◆ **SOURCE MATERIAL**
· · ·

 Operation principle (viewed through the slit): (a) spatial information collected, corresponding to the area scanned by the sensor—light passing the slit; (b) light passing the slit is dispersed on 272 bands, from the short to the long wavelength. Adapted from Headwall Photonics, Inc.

· · ·

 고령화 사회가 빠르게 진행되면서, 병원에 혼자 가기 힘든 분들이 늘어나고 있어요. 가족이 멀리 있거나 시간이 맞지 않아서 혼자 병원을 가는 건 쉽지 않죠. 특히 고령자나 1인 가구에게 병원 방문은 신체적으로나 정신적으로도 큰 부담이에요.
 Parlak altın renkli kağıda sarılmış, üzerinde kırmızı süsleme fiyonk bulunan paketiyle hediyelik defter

· · ·

◆ **EXERCISE BRIEF**
Given the records above, reproduce precisely and only the lines between the line holding "고령화 사회가 빠르게" and the line holding "Parlak altın renkli", inclusive.

◆ **ANSWER SPACE**
 고령화 사회가 빠르게 진행되면서, 병원에 혼자 가기 힘든 분들이 늘어나고 있어요. 가족이 멀리 있거나 시간이 맞지 않아서 혼자 병원을 가는 건 쉽지 않죠. 특히 고령자나 1인 가구에게 병원 방문은 신체적으로나 정신적으로도 큰 부담이에요.
 Parlak altın renkli kağıda sarılmış, üzerinde kırmızı süsleme fiyonk bulunan paketiyle hediyelik defter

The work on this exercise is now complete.